EXTRACTED ENTRIES:

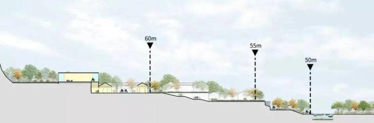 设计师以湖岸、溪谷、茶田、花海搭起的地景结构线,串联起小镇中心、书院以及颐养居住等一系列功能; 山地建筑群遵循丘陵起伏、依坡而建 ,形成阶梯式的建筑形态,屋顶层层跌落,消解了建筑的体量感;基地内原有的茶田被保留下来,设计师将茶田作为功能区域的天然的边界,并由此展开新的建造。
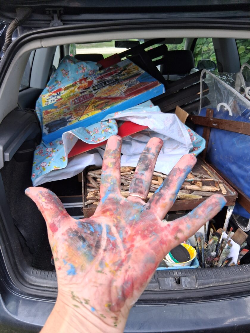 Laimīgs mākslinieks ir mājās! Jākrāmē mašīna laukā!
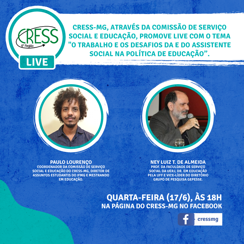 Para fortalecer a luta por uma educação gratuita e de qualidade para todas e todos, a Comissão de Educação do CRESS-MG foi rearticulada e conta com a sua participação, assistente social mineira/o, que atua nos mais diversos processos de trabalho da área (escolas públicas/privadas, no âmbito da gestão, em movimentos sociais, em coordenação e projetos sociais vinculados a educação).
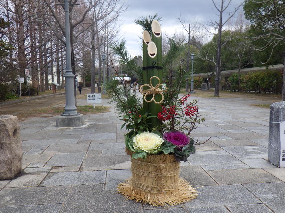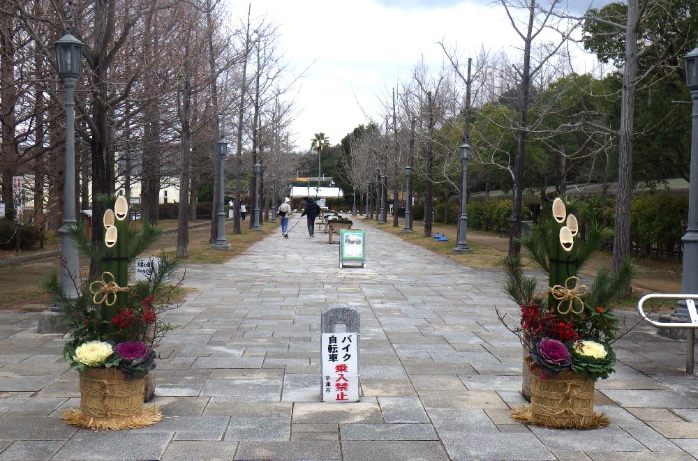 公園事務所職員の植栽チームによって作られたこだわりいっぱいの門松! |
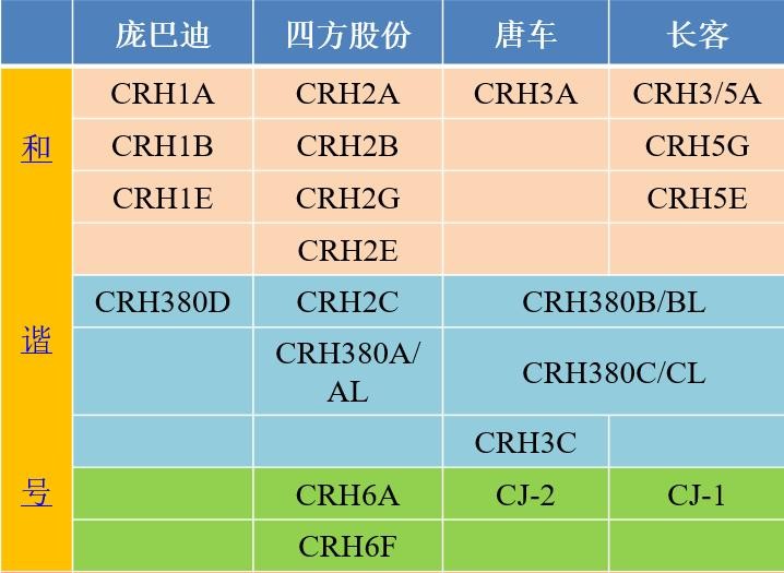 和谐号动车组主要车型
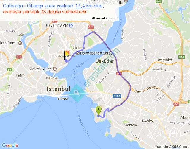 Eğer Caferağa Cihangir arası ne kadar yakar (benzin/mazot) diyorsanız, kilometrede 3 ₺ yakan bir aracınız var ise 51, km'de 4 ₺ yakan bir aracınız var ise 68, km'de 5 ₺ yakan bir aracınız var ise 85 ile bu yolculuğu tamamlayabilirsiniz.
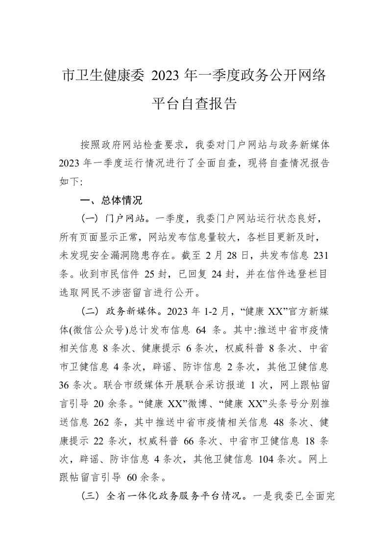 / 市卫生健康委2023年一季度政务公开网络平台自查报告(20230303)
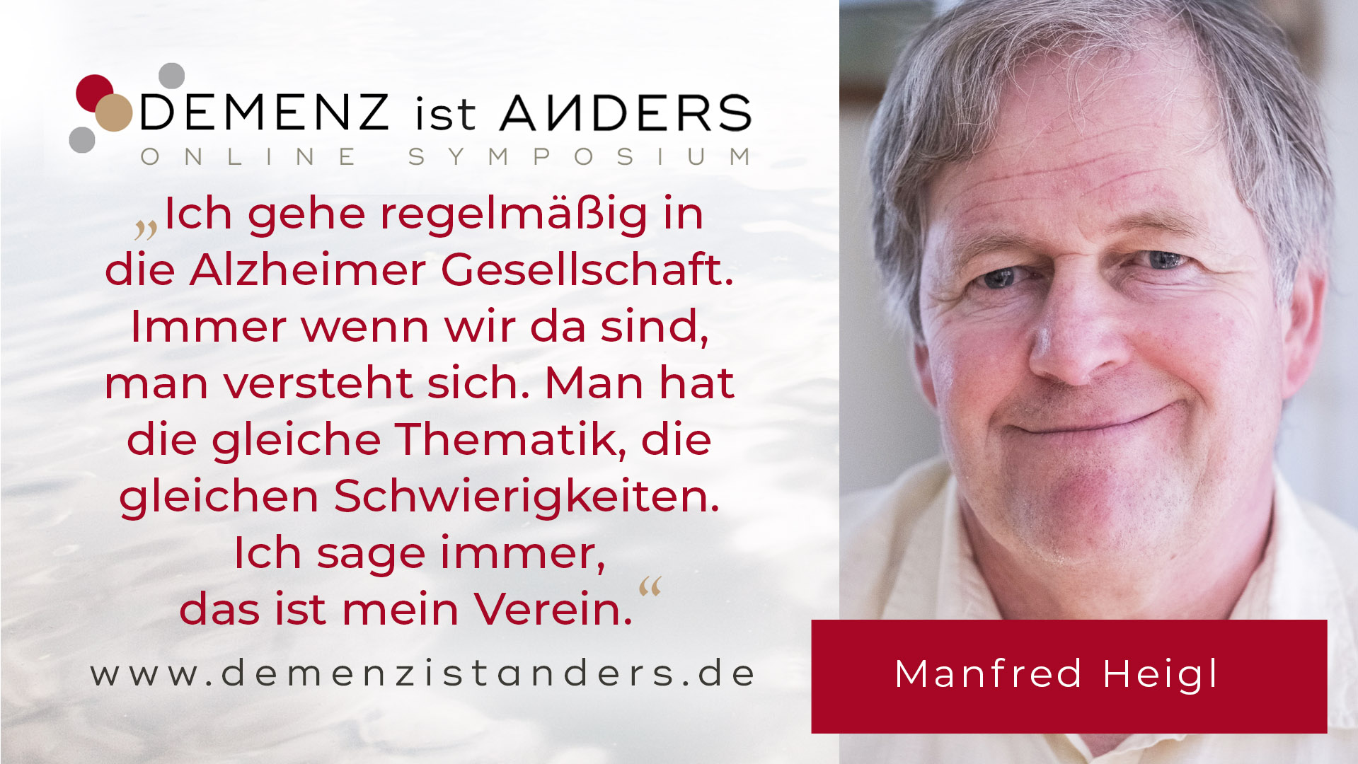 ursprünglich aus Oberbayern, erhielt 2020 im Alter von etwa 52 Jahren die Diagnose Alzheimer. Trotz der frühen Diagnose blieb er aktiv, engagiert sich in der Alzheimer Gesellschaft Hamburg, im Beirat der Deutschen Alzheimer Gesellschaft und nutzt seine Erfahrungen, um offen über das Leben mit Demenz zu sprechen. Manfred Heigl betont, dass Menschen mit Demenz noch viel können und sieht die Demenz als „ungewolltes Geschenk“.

PROBLEM DESCRIPTION: Restate the full listing verbatim and drop every picture.

RESULT BELOW:
 设计师以湖岸、溪谷、茶田、花海搭起的地景结构线,串联起小镇中心、书院以及颐养居住等一系列功能; 山地建筑群遵循丘陵起伏、依坡而建 ,形成阶梯式的建筑形态,屋顶层层跌落,消解了建筑的体量感;基地内原有的茶田被保留下来,设计师将茶田作为功能区域的天然的边界,并由此展开新的建造。
 Laimīgs mākslinieks ir mājās! Jākrāmē mašīna laukā!
 Para fortalecer a luta por uma educação gratuita e de qualidade para todas e todos, a Comissão de Educação do CRESS-MG foi rearticulada e conta com a sua participação, assistente social mineira/o, que atua nos mais diversos processos de trabalho da área (escolas públicas/privadas, no âmbito da gestão, em movimentos sociais, em coordenação e projetos sociais vinculados a educação).
 公園事務所職員の植栽チームによって作られたこだわりいっぱいの門松! |
 和谐号动车组主要车型
 Eğer Caferağa Cihangir arası ne kadar yakar (benzin/mazot) diyorsanız, kilometrede 3 ₺ yakan bir aracınız var ise 51, km'de 4 ₺ yakan bir aracınız var ise 68, km'de 5 ₺ yakan bir aracınız var ise 85 ile bu yolculuğu tamamlayabilirsiniz.
 / 市卫生健康委2023年一季度政务公开网络平台自查报告(20230303)
 ursprünglich aus Oberbayern, erhielt 2020 im Alter von etwa 52 Jahren die Diagnose Alzheimer. Trotz der frühen Diagnose blieb er aktiv, engagiert sich in der Alzheimer Gesellschaft Hamburg, im Beirat der Deutschen Alzheimer Gesellschaft und nutzt seine Erfahrungen, um offen über das Leben mit Demenz zu sprechen. Manfred Heigl betont, dass Menschen mit Demenz noch viel können und sieht die Demenz als „ungewolltes Geschenk“.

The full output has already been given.